__Exercise instructions__
Go to the line with "Ответы к §28." in the material below and copy from there through the line with "11月21日,暴风雪来临的前", exactly. Pictures are not copied.

__Supplied information__

# # #

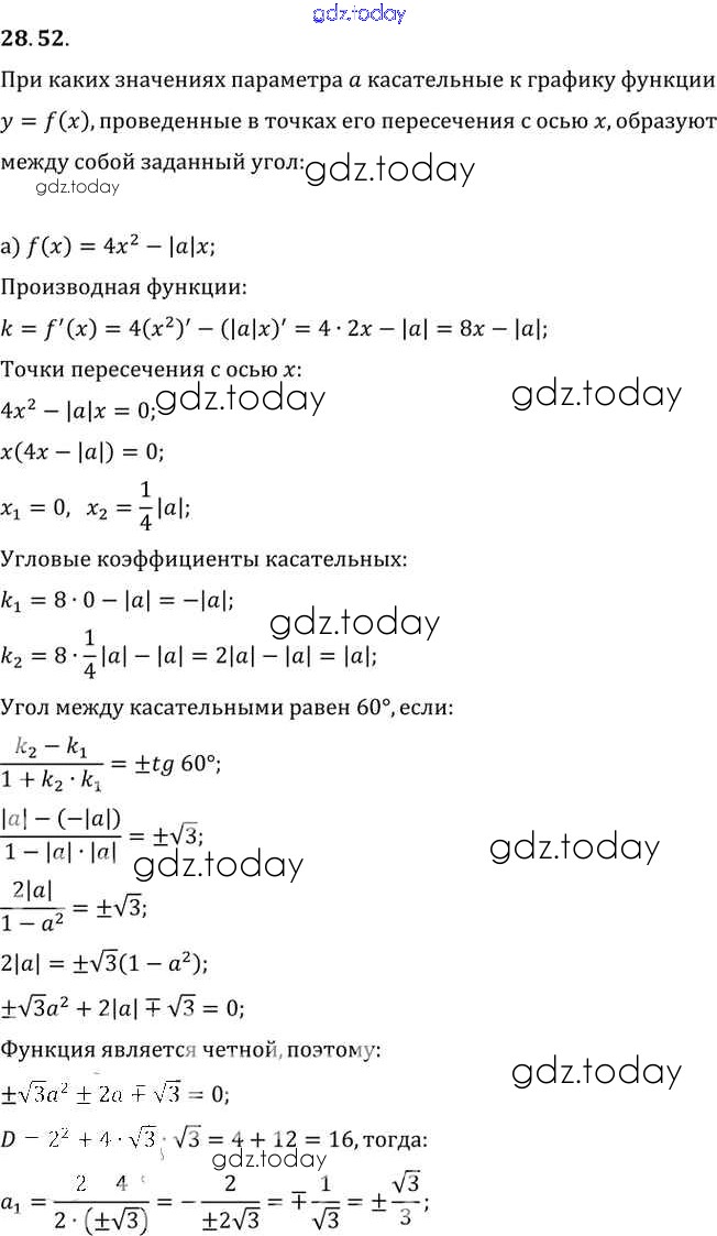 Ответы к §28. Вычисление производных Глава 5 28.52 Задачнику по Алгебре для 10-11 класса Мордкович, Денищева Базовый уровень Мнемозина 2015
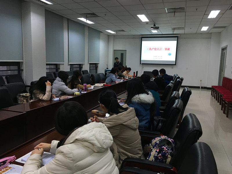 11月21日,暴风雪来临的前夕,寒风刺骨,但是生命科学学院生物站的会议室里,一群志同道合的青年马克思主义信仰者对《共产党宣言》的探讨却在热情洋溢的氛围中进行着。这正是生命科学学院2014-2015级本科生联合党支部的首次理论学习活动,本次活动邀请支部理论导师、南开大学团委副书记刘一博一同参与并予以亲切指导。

# # #

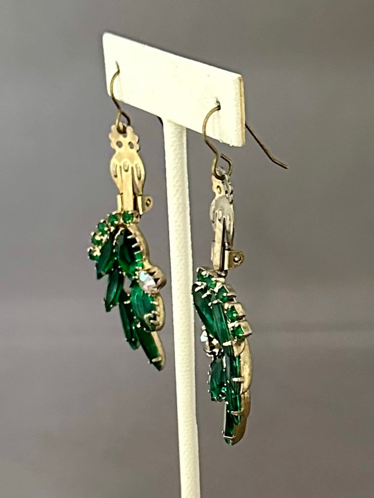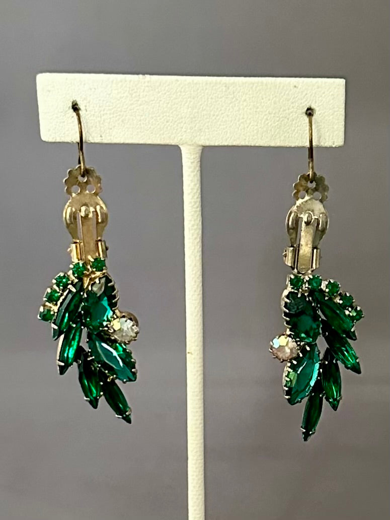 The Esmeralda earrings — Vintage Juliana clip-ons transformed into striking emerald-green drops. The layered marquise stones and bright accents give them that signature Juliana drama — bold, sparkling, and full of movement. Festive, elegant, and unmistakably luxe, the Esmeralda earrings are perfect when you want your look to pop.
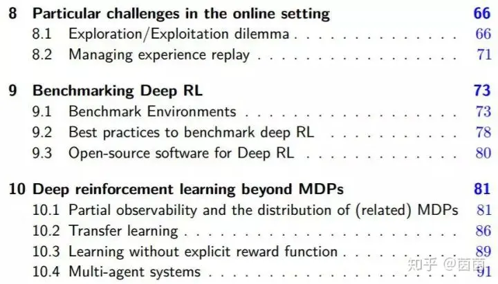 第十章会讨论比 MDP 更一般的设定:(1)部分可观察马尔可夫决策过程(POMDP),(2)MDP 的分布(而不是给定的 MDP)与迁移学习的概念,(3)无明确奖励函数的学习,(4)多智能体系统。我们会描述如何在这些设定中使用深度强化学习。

# # #

__Written answer__
 Ответы к §28. Вычисление производных Глава 5 28.52 Задачнику по Алгебре для 10-11 класса Мордкович, Денищева Базовый уровень Мнемозина 2015
 11月21日,暴风雪来临的前夕,寒风刺骨,但是生命科学学院生物站的会议室里,一群志同道合的青年马克思主义信仰者对《共产党宣言》的探讨却在热情洋溢的氛围中进行着。这正是生命科学学院2014-2015级本科生联合党支部的首次理论学习活动,本次活动邀请支部理论导师、南开大学团委副书记刘一博一同参与并予以亲切指导。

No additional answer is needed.